What you need to do: Of all the lines in the entries below, give again exactly those starting at the line containing "Valokuvauksellinen kauneus: Annemari" and ending at the line containing "- Engro Fertilizers", both ends included, and no others.

[Records drawn from a dataset]

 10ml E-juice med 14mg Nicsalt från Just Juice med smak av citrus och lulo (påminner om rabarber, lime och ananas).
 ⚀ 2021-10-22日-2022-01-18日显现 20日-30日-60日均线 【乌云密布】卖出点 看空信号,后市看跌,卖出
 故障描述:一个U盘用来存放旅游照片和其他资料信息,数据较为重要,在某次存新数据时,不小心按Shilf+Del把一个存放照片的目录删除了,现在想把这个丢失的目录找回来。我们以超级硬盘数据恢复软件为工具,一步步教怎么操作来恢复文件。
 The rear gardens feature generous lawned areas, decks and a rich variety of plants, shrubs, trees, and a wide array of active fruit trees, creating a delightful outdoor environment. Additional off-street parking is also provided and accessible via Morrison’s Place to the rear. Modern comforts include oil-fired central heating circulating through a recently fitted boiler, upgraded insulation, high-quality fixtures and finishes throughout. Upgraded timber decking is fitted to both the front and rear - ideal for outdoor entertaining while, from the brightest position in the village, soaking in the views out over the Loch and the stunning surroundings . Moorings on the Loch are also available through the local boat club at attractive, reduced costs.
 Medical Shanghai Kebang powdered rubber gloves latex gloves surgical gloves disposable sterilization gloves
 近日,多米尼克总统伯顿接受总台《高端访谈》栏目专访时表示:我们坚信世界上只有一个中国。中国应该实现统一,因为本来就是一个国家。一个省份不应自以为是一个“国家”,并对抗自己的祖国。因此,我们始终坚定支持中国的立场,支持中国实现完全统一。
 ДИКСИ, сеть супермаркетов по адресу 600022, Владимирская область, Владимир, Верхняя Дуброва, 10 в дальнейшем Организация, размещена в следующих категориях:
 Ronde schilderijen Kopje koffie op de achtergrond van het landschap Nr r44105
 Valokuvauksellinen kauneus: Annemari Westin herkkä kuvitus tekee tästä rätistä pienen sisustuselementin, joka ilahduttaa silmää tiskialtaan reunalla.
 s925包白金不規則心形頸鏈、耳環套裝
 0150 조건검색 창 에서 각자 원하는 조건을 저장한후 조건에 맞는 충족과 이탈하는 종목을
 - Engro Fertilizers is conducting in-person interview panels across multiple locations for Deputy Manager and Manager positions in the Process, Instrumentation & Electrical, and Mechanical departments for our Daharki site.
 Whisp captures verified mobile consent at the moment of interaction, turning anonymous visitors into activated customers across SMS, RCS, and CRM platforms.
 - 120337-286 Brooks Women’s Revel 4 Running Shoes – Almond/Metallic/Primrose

Output of the exercise:
 Valokuvauksellinen kauneus: Annemari Westin herkkä kuvitus tekee tästä rätistä pienen sisustuselementin, joka ilahduttaa silmää tiskialtaan reunalla.
 s925包白金不規則心形頸鏈、耳環套裝
 0150 조건검색 창 에서 각자 원하는 조건을 저장한후 조건에 맞는 충족과 이탈하는 종목을
 - Engro Fertilizers is conducting in-person interview panels across multiple locations for Deputy Manager and Manager positions in the Process, Instrumentation & Electrical, and Mechanical departments for our Daharki site.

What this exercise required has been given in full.